:: About this exercise ::
With the images removed, repeat the data below exactly.

:: The data ::
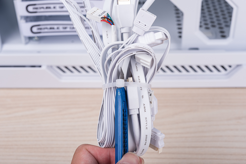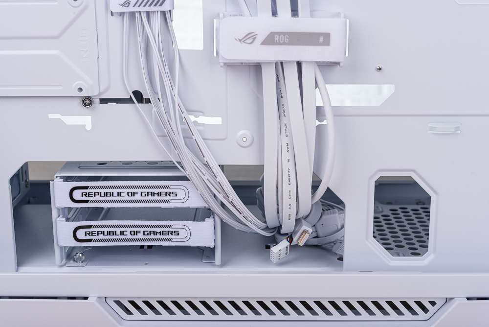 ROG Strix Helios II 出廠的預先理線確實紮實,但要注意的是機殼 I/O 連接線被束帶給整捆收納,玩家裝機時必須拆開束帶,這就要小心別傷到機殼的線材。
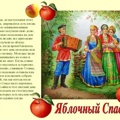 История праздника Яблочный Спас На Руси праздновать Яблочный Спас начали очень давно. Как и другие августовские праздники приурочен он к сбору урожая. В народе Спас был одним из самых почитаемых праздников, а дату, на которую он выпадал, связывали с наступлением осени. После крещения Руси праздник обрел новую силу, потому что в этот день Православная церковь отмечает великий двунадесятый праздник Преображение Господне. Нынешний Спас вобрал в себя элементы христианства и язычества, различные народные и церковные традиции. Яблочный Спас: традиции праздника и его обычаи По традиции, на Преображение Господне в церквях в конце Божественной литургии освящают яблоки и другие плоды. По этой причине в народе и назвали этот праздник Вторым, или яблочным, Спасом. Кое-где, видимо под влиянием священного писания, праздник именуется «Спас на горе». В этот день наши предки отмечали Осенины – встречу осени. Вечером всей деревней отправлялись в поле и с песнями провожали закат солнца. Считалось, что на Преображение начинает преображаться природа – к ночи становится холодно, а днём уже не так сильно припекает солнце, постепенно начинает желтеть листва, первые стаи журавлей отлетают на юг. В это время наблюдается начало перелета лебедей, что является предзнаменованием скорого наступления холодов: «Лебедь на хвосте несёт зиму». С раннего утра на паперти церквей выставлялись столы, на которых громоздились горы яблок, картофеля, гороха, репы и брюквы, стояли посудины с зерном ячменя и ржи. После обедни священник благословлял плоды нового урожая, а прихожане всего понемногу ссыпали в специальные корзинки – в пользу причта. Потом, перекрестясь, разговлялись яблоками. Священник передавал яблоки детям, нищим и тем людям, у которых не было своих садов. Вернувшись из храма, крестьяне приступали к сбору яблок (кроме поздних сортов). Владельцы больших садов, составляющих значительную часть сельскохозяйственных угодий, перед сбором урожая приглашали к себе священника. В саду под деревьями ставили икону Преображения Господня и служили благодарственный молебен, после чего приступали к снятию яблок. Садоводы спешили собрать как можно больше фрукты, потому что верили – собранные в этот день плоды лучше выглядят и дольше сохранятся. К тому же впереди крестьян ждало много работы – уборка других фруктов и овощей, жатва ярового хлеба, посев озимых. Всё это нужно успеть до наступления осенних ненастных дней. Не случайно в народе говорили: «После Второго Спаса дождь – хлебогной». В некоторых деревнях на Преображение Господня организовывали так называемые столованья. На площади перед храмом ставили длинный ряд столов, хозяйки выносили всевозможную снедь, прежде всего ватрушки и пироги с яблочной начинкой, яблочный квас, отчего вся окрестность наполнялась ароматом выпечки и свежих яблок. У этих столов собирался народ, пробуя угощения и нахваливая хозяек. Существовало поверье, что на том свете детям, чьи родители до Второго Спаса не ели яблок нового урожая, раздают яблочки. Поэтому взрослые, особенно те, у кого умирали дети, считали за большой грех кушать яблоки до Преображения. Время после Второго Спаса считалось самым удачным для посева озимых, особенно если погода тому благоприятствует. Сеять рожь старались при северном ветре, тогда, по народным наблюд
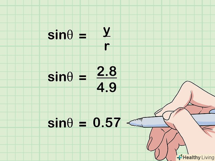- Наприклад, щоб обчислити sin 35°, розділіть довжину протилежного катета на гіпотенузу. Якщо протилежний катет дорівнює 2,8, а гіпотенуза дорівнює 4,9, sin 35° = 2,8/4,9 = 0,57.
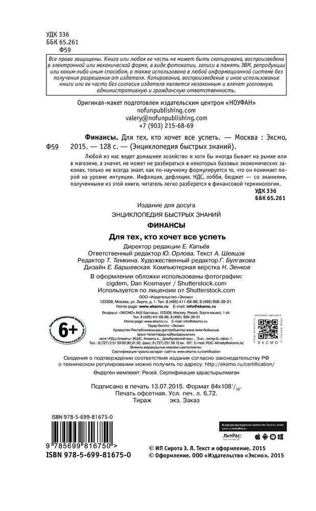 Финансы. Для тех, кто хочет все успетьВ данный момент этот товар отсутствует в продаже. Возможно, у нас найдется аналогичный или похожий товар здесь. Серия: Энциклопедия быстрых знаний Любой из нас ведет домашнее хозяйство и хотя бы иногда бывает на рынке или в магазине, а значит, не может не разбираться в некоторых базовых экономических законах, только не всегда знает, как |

:: Exercise result ::
 ROG Strix Helios II 出廠的預先理線確實紮實,但要注意的是機殼 I/O 連接線被束帶給整捆收納,玩家裝機時必須拆開束帶,這就要小心別傷到機殼的線材。
 История праздника Яблочный Спас На Руси праздновать Яблочный Спас начали очень давно. Как и другие августовские праздники приурочен он к сбору урожая. В народе Спас был одним из самых почитаемых праздников, а дату, на которую он выпадал, связывали с наступлением осени. После крещения Руси праздник обрел новую силу, потому что в этот день Православная церковь отмечает великий двунадесятый праздник Преображение Господне. Нынешний Спас вобрал в себя элементы христианства и язычества, различные народные и церковные традиции. Яблочный Спас: традиции праздника и его обычаи По традиции, на Преображение Господне в церквях в конце Божественной литургии освящают яблоки и другие плоды. По этой причине в народе и назвали этот праздник Вторым, или яблочным, Спасом. Кое-где, видимо под влиянием священного писания, праздник именуется «Спас на горе». В этот день наши предки отмечали Осенины – встречу осени. Вечером всей деревней отправлялись в поле и с песнями провожали закат солнца. Считалось, что на Преображение начинает преображаться природа – к ночи становится холодно, а днём уже не так сильно припекает солнце, постепенно начинает желтеть листва, первые стаи журавлей отлетают на юг. В это время наблюдается начало перелета лебедей, что является предзнаменованием скорого наступления холодов: «Лебедь на хвосте несёт зиму». С раннего утра на паперти церквей выставлялись столы, на которых громоздились горы яблок, картофеля, гороха, репы и брюквы, стояли посудины с зерном ячменя и ржи. После обедни священник благословлял плоды нового урожая, а прихожане всего понемногу ссыпали в специальные корзинки – в пользу причта. Потом, перекрестясь, разговлялись яблоками. Священник передавал яблоки детям, нищим и тем людям, у которых не было своих садов. Вернувшись из храма, крестьяне приступали к сбору яблок (кроме поздних сортов). Владельцы больших садов, составляющих значительную часть сельскохозяйственных угодий, перед сбором урожая приглашали к себе священника. В саду под деревьями ставили икону Преображения Господня и служили благодарственный молебен, после чего приступали к снятию яблок. Садоводы спешили собрать как можно больше фрукты, потому что верили – собранные в этот день плоды лучше выглядят и дольше сохранятся. К тому же впереди крестьян ждало много работы – уборка других фруктов и овощей, жатва ярового хлеба, посев озимых. Всё это нужно успеть до наступления осенних ненастных дней. Не случайно в народе говорили: «После Второго Спаса дождь – хлебогной». В некоторых деревнях на Преображение Господня организовывали так называемые столованья. На площади перед храмом ставили длинный ряд столов, хозяйки выносили всевозможную снедь, прежде всего ватрушки и пироги с яблочной начинкой, яблочный квас, отчего вся окрестность наполнялась ароматом выпечки и свежих яблок. У этих столов собирался народ, пробуя угощения и нахваливая хозяек. Существовало поверье, что на том свете детям, чьи родители до Второго Спаса не ели яблок нового урожая, раздают яблочки. Поэтому взрослые, особенно те, у кого умирали дети, считали за большой грех кушать яблоки до Преображения. Время после Второго Спаса считалось самым удачным для посева озимых, особенно если погода тому благоприятствует. Сеять рожь старались при северном ветре, тогда, по народным наблюд
- Наприклад, щоб обчислити sin 35°, розділіть довжину протилежного катета на гіпотенузу. Якщо протилежний катет дорівнює 2,8, а гіпотенуза дорівнює 4,9, sin 35° = 2,8/4,9 = 0,57.
 Финансы. Для тех, кто хочет все успетьВ данный момент этот товар отсутствует в продаже. Возможно, у нас найдется аналогичный или похожий товар здесь. Серия: Энциклопедия быстрых знаний Любой из нас ведет домашнее хозяйство и хотя бы иногда бывает на рынке или в магазине, а значит, не может не разбираться в некоторых базовых экономических законах, только не всегда знает, как |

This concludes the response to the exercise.